ASSIGNMENT ->
An exact copy of the data below is needed; please leave out any pictures.

DATA SEGMENT ->
# # # # #
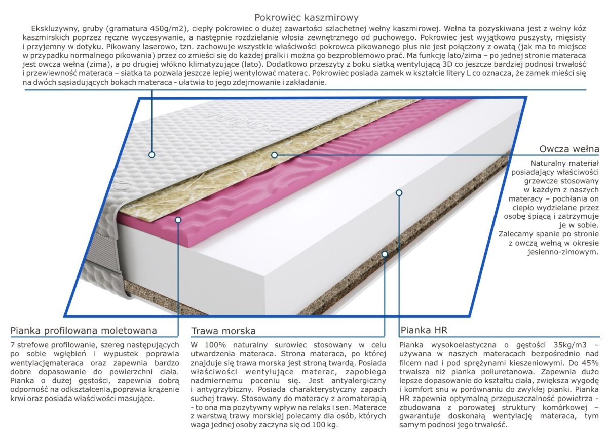 trawa-morska, pianka-hr, pianka-profilowana-moletowana, pokrowiec-kaszmirowy, wlokno-klimatyzujace
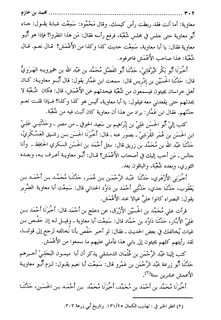 كَتَبَ إِلَيْنَا عَبْدُ الرَّحْمَنِ بْنُ عُثْمَانَ الدِّمَشْقِيُّ يذكر أن أبا ميمون البجليّ أخبرهم حَدَّثَنَا أَبُو زرعة عَبْد الرَّحْمَن بْن عمرو قَالَ: سمعت أبا نعيم يقول: لزم أبو معاوية الأعمش عشرين سنة [1] .
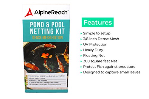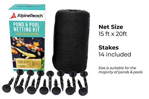 -. Title : Pond & Pool Netting 15 x 20 ft - DENSE FINE MESH HEAVY DUTY NET | Cover for Leaves Cleanup | Protects Koi Fish from Predators, Birds Blue Heron, Cats, UV Protection All Accessories Stakes Included
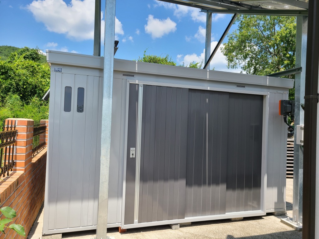 포항 북구에 설치한 조립식창고 NXN-77S 3470* 2210* ( 2.37평 )이며, 프리미엄 그레이 ( PG ) 색상의 문 입니다.
# # # # #
REPLY ->
 trawa-morska, pianka-hr, pianka-profilowana-moletowana, pokrowiec-kaszmirowy, wlokno-klimatyzujace
 كَتَبَ إِلَيْنَا عَبْدُ الرَّحْمَنِ بْنُ عُثْمَانَ الدِّمَشْقِيُّ يذكر أن أبا ميمون البجليّ أخبرهم حَدَّثَنَا أَبُو زرعة عَبْد الرَّحْمَن بْن عمرو قَالَ: سمعت أبا نعيم يقول: لزم أبو معاوية الأعمش عشرين سنة [1] .
 -. Title : Pond & Pool Netting 15 x 20 ft - DENSE FINE MESH HEAVY DUTY NET | Cover for Leaves Cleanup | Protects Koi Fish from Predators, Birds Blue Heron, Cats, UV Protection All Accessories Stakes Included
 포항 북구에 설치한 조립식창고 NXN-77S 3470* 2210* ( 2.37평 )이며, 프리미엄 그레이 ( PG ) 색상의 문 입니다.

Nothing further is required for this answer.